A la hora de almuerzo, el comedor huele a la salsa “barbecue” que marinó el pollo,
servido con papas majadas. Los estudiantes hacen una fila ordenada para que les
sirvan comida. Mientras adentro se respira tranquilidad, afuera frente a las oficinas
administrativas dos estudiantes de séptimo grado se caen a golpes ante la mirada
de algunos de la elemental. Se mueven por todo el recibidor de la escuela en un
baile violento durante varios segundos, hasta que un maestro los separa. Uno de
los chicos decide marcharse sin consecuencias, pero al otro la rabia lo consume.
En su rostro colorado y sudado se percibe el coraje que siente y el maestro de
modificación de conducta trata, sin resultados, de calmarlo.
La directora llega a la escena y le llama la atención al niño. “Ay, tú también déjame
quieto”, le grita. Por lo que la mujer lo agarra por el brazo para llevarlo a su oficina.
Segundos más tarde, se escucha la puerta golpear la pared y sale corriendo el
menor, perseguido por varios miembros de la facultad. Logran llevarlo nuevamente
a la oficina y allí se queda.
Mientras, otros chiquitos juegan en el estacionamiento con hojas y tierra. “Yo
quiero salir en el periódico”, comenta un pequeño con espejuelos. Allí también,
una pareja de estudiantes de intermedia, sentada en un banco, se acaricia. Al otro
lado, tres muchachas conversan con un joven -que no es estudiante- a través de
la verja que divide el plantel de la carretera.
Todos en sus pequeños micromundos. Cada grupo de amigos tiene su “spot” ya
determinado. Recuerdo el mío en la escuela superior… de verdad no entiendo
porqué nos gustaba tanto pasar el periodo libre en el baño.

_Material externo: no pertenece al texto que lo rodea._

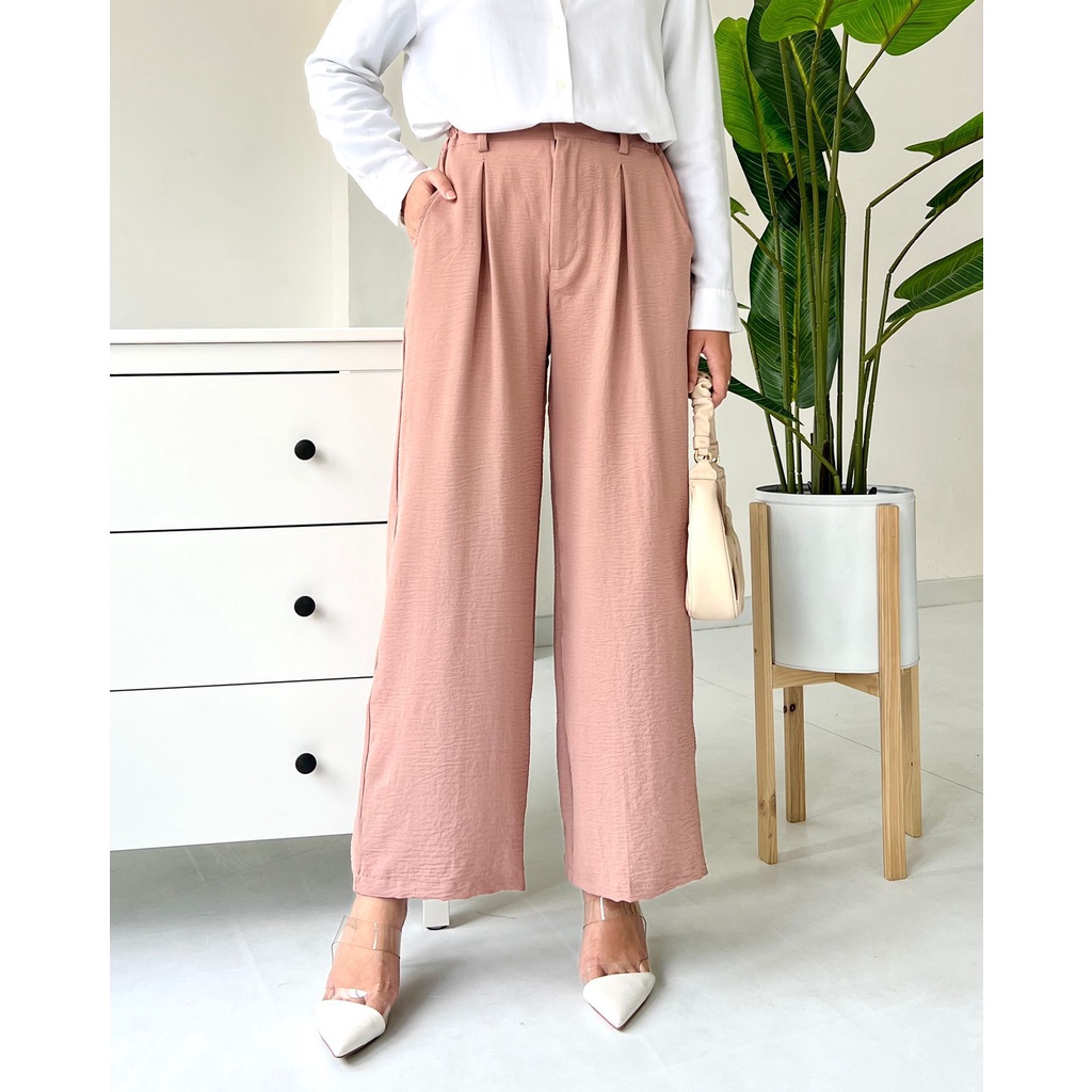 Material bahan diario airflow. Bahannya bertekstur crinkle, ringan, tidak panas, ironless, dan flowy, jatuhnya cantik saat dipakai. ✔️ Bagian pinggang ada detail karet samping kanan dan kiri ✔️Ada detail kancing kait dan zipper dibagian depan ✔️Ada detail belt loop dibagian pinggang Tersedia 6 pilihan warna dan 1 Ukuran

A la 1:00 p.m., solo queda una clase: ciencias. La joven maestra imparte las
instrucciones gritando, como en un intento para controlar al grupo, pero no lo
logra. Una joven se sienta en el piso para escribir en el celular e ignora cuando la
instructora le ordena guardar el aparato y sentarse en el escritorio. La clase
completa parece una competencia entre lo que dice la maestra y lo que hablan los
estudiantes. Otra vez, el grupo se transforma. Dejó de ser aquel que seguía al pie
de la letra lo que la maestra de inglés les decía y regresó a ser el mismo que
acudió a la clase de matemáticas.
“Misi, relax, hoy es viernes”, le dice la misma chica que alegó no ser bilingüe,
cuando notó la desesperación de su maestra ante la falta de orden en el
salón. Másadelante, la maestra trata de anunciar los proyectos que se realizarán
la próxima semana, pero mientras habla, los adolescentes salen del salón,
ignorándola. Ya se acercan las 2:00 p.m. y el comienzo de su fin de semana.